Advantages of the model include being: interpretable, flexible, can be fit with time-dependent covariates, and it returns a continuous function. Moreover many of the parameters, including the number and position of knots, are tunable, although Royston and Parmar advised against tuning and suggest often only one internal knot is required (Royston and Parmar 2002). A recent simulation study demonstrated that even with an increased number of knots (up to seven degrees of freedom), there was little bias in estimation of the survival and hazard functions (Bower et al. 2019). Despite its advantages, a 2018 review (Ng et al. 2018) found only twelve instances of published flexible parametric models since Royston and Parmar’s 2002 paper, perhaps because it is more complex to train, has a less intuitive fitting procedure than alternatives, and has limited off-shelf implementations; i.e. is less transparent and accessible than parametric alternatives.

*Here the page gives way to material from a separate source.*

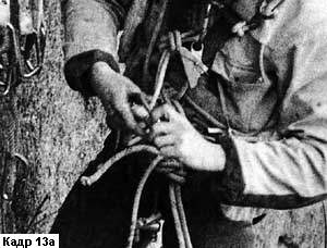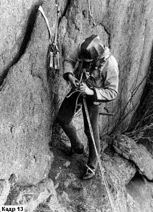 Человеческие руки бывают выразительны не только при энергичных движениях, вызванных какими-то чувствами героя. Обычно руки человека взаимодействуют с объектами его деятельности, с вещами предметного мира. На такие ситуации тоже стоит обращать внимание и выделять их из общей монтажной цепи кадров, снимая укрупнение (кадры 13 и 13а). Показав таким образом момент подготовки скалолаза к подъему по вертикальной стене, оператор не просто раскроет технологию этой подготовки, но и красноречиво скажет об опасности, которая подстерегает спортсмена, а стало быть изобразительно подчеркнет его мужество и мастерство.

The PH and AFT models are both very transparent and accessible, though require slightly more expert knowledge than the CPH in order to specify the ‘correct’ underlying probability distribution. Interestingly whilst there are many papers comparing PH and AFT models to one another using in-sample metrics (?sec-eval-insample) such as AIC (Georgousopoulou et al. 2015; Habibi et al. 2018; Moghimi-dehkordi et al. 2008; Zare et al. 2015), no benchmark experiments could be found for out-of-sample performance. PO and spline models are less transparent than PH and AFT models and are even less accessible, with very few implementations of either. No conclusions can be drawn about the predictive performance of PO or spline models due to a lack of suitable benchmark experiments.